The Columbia River is one of North America’s largest rivers, winding its way through seven states and one Canadian province. For the Confederated Tribes of Warm Springs, it is the sound of home; a place that is wild and strong and has served as a primary food source for local tribes for thousands of years.
Brigette McConville had fished in the Columbia River since she was a little girl and been a weaver and beader for more than 45 years. The store she opened, Salmon King Fisheries, combined two of her greatest passions, fishing and beading, and also allowed her to share her history and culture with others.
Salmon King Fisheries sells local fish and has an adjoining store stocked with locally made Native American crafts such as wearable art, beadwork and basketry. Beadwork and basket making classes are also available. It is the only Native-woman owned fish business on a reservation with a retail store.
When McConville started out, her grandma was instrumental in helping to design Salmon King Fisheries and what she was going to offer, insisting she should “do one thing right” and build on her success. Now, almost 11 years later, she has 28 products and honours her grandma’s legacy as a natural teacher.
“She was my best person in the world. Born before any of the dams on the Columbia River, back when it was free flowing. She was so knowledgeable. Learning was an everyday experience for me. It wasn’t that we sat down in a classroom to learn the typical way. Just spending time and learning and watching.”
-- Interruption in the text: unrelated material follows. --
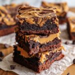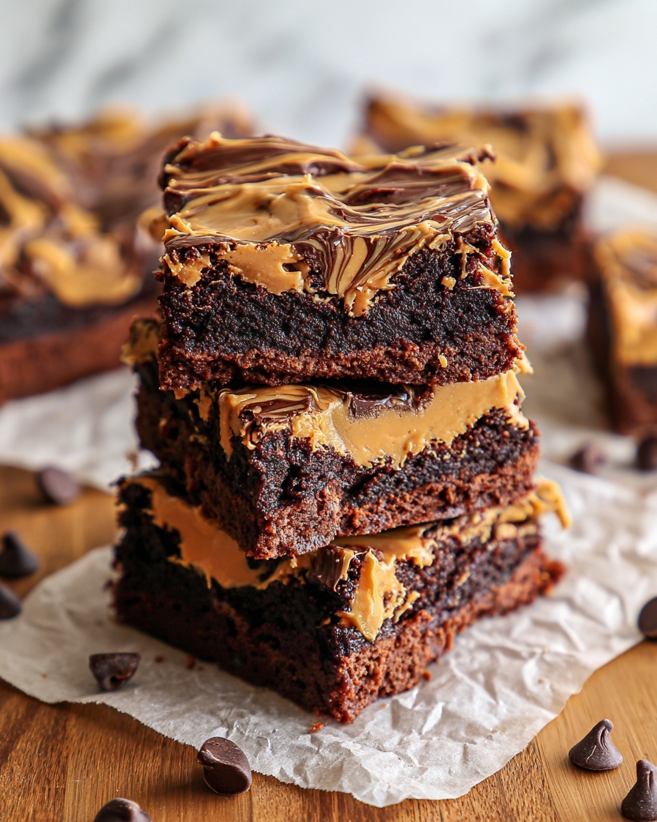 They are wonderfully fudgy with a moist crumb, thanks to the peanut butter and careful baking time—perfect for those who love a chewy brownie.

Brigette McConville and the Confederated Tribes of Warm Springs define themselves as Salmon People and see the fish caught from the Columbia River as an important piece of tribal history that connects past and present generations. Like her grandmother who came before her, McConville is passionate and generous when it comes to sharing her tribal history and knowledge of Native American culture.
On Intrepid’s Best of Pacific North West and Portland to San Francisco Discovery tours, Brigette McConville joins the group for a Native American River to Table dining experience. While the food itself is a key element of this sustainable cultural tourism experience, not to mention delicious, the lunch goes way beyond simply sitting down together to enjoy a meal.
“We find out what type of fish they want and gather resources locally, from farms, and have a history lesson of where that food comes from as we lay it out,” says McConville. “We explain where the food comes from while we’re cooking, and talk about how the food travels, how we get the foods grown, how the fish is caught, explaining everything to them, and history of the trade network. Sometimes we’ve had people come in and sing traditional songs or [do some] dancing before people enjoy their meal.”
The lunch acknowledges the role salmon has played in tribal history and celebrates the joy of travel. It embodies a spirit of discovery; making connections with others; immersing yourself in a destination and celebrating a living culture that is different to your own. Brigette McConville’s enthusiasm for what she does shines through when she talks about sharing her River to Table experience with travellers.
“They’re able to experience part of my culture firsthand with all the senses. See it, feel it, taste it, touch it. With that sensory experience, they take a lot more away than just watching a video or reading a book or ordering something off the menu. They get to know why, or where, or how that fish was caught.”
A day in the life of a Fisherwoman isn’t always easy. Sometimes the winds can be bitterly cold. At other times it may be snowing. But Native Americans along the Columbia River have been fishing for salmon for thousands of years and see the fish as an important gift of food from the Creator.
“When we are out there, we always give thanks and have a prayer and are thankful for being able to fish and to the water.”
Spring salmon are at their reddest and most nutritious with the most oil. McConville explains how her people clean the fish on the river, passing the fish from hand to hand to keep them in the water. It’s a fishing tradition that has been passed down from generation to generation.
“You get tired, but I love the fresh air, the wind. Sometimes you hear the water ripple. It’s serene and very comfortable. Being able to share why I fish and why I work with fish makes my heart happy.”